が、職人技が要求されるのもまた、銅板である。たこ焼きは実は作る時にあまりコロコロ回さない。理想は1/3回転ずつ、3回で作ることである。それくらいの手数で素早く作り、中まで火がとおってはならない。できあがったら、鉄製の板のほうに移す。
千枚通しでたこ焼きをつつきまわしている人はお店で修行したことはないといえる。

一方で、マクドナルドで夜間の掃除のバイトもしていた俺は、たこ焼きを作ることもさりながら、店を清潔に保つことにはずいぶん貢献した。たこ焼き屋はタコという、なまものと粉を扱うのでかなりきっちり掃除しないと、たちまち粉は固まり、汚れていくのだ。いくら商品は火をとおすから安全といったって店が臭いのでは、お客は来ない。

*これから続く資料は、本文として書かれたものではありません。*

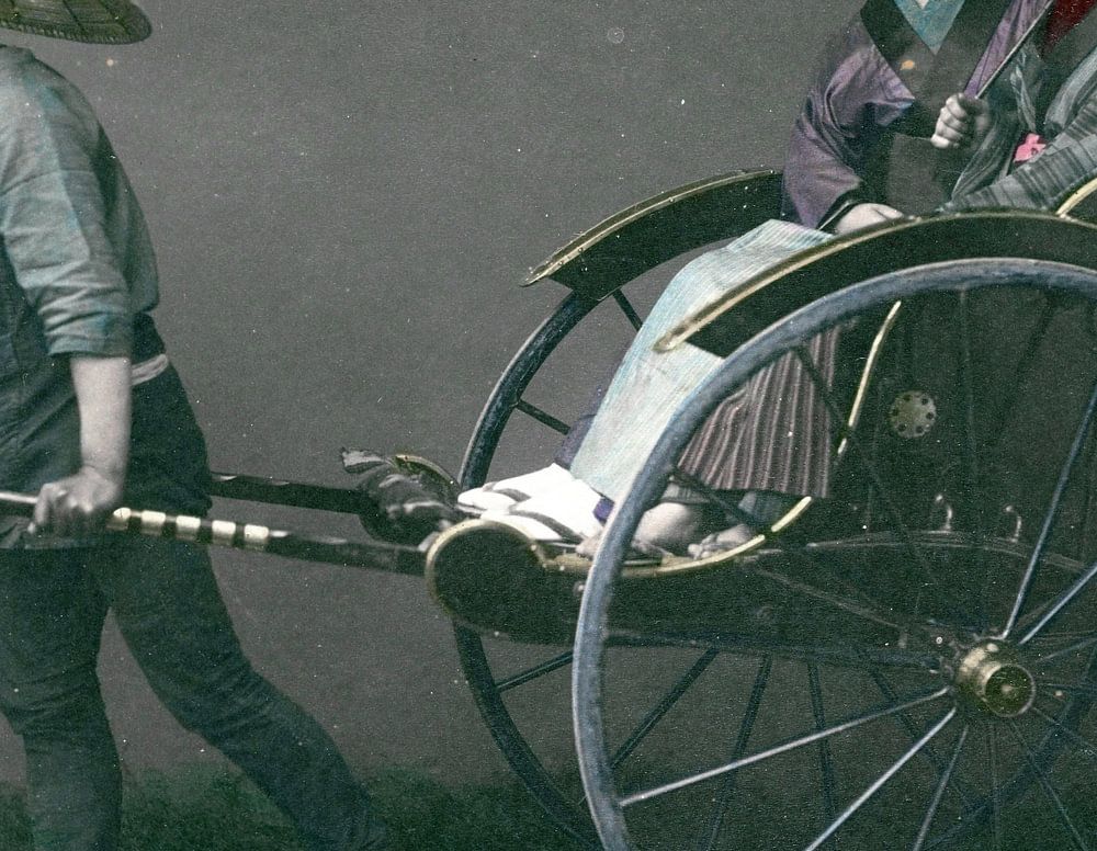 A Jinrikishia or also trishaw is a light two-wheeled cart, usually pulled by one man. Here two passengers, two women are sitting in the vehicle, an Asian taxi. The coloured picture has after yellow and red quite a lot of green.
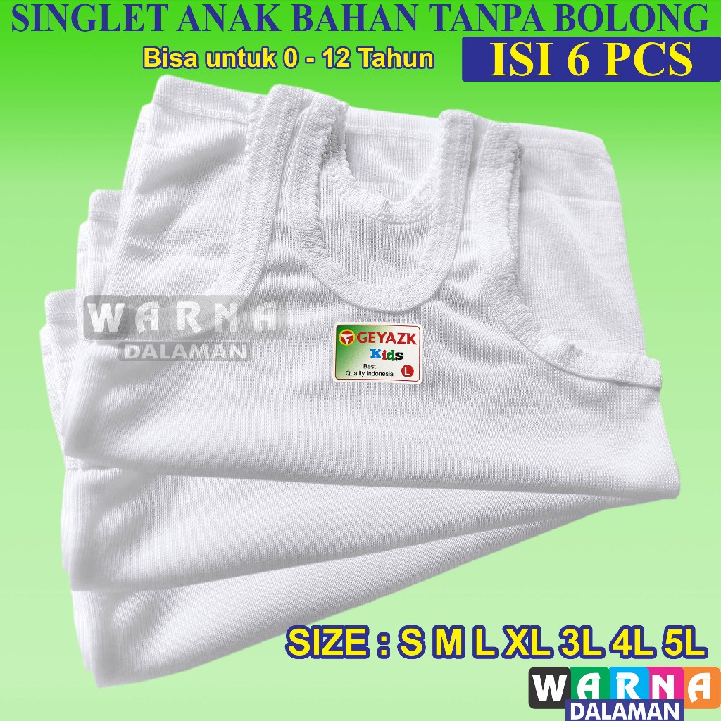 6 Pcs Singlet Anak Warna Putih 0-12 Tahun Tanpa Bolong Kaos Dalam Kutang Anak Laki Dan Perempuan
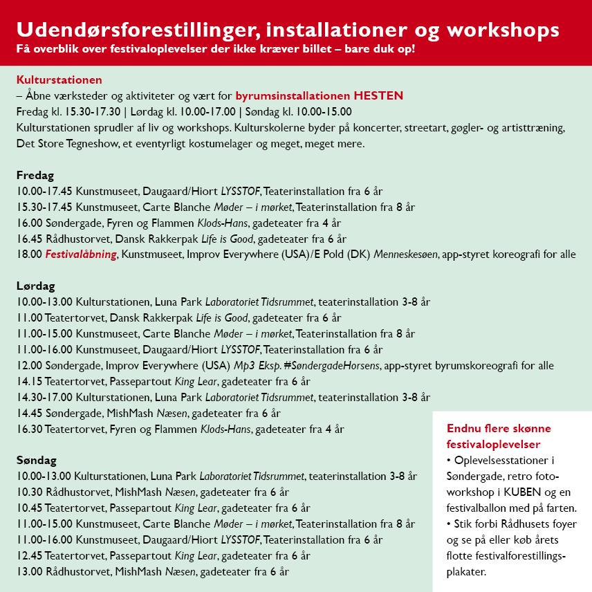 Mange af forestillingerne til teaterfestivalen er gratis. Du kan her se en oversigt over de forskellige gratis arrangementer:

たこ焼き自体は、最初は人気店の技術指導を買う話で進んでいたが、相手の職人がえげつないカネを要求してきたため決裂。しばらく悩んだ社長はソースなしのたこ焼き自体に味付けをしてしまうというアイデアで勝負に出たのだった。

確かにお店は酔っぱらいが多い通りだったため、液体のソースはひっくり返される可能性は高かった。ほとんどの人が食べながら歩くため、たこ焼きの箱はマクドナルドの袋などと同じように、あちこちに散乱していた。

ただ、たこ焼きはソースがかかっているものというのが今でも常識であるため、嫌う人も多かった。

ソースなしのたこ焼きの味付けは、そんなに難しいものではなく、醤油、鰹節粉末、昆布粉(昆布茶の塩なしは食材屋に売られている)、ハイミー、いの一番であった。ベースは小麦粉、卵、ミルク。

お店とは不思議なもので、ずっとそこにあってやっていると、だんだんお客が増える。私が離れるころには、月商400万円くらい売っていた。
それはバイトとしてもうれしくて、正月の元日から働いていた。

話は変わるけど、このたこ焼き屋の通り向かいが、露天で時計やアクセサリーを売っているおじさんだった。もう壊れて捨てたが、セイコーのダイバーウォッチを買ったりした。なぜか彼は東京に引っ越す決心をし、荷造りのバイトをやらせてくれた。奥さんは中国人で、当時はまだうぶな私が緊張してしまうくらいの美人で抜群のプロポーションの人だった。あのご夫婦は今頃、どこでなにをされているのだろうか。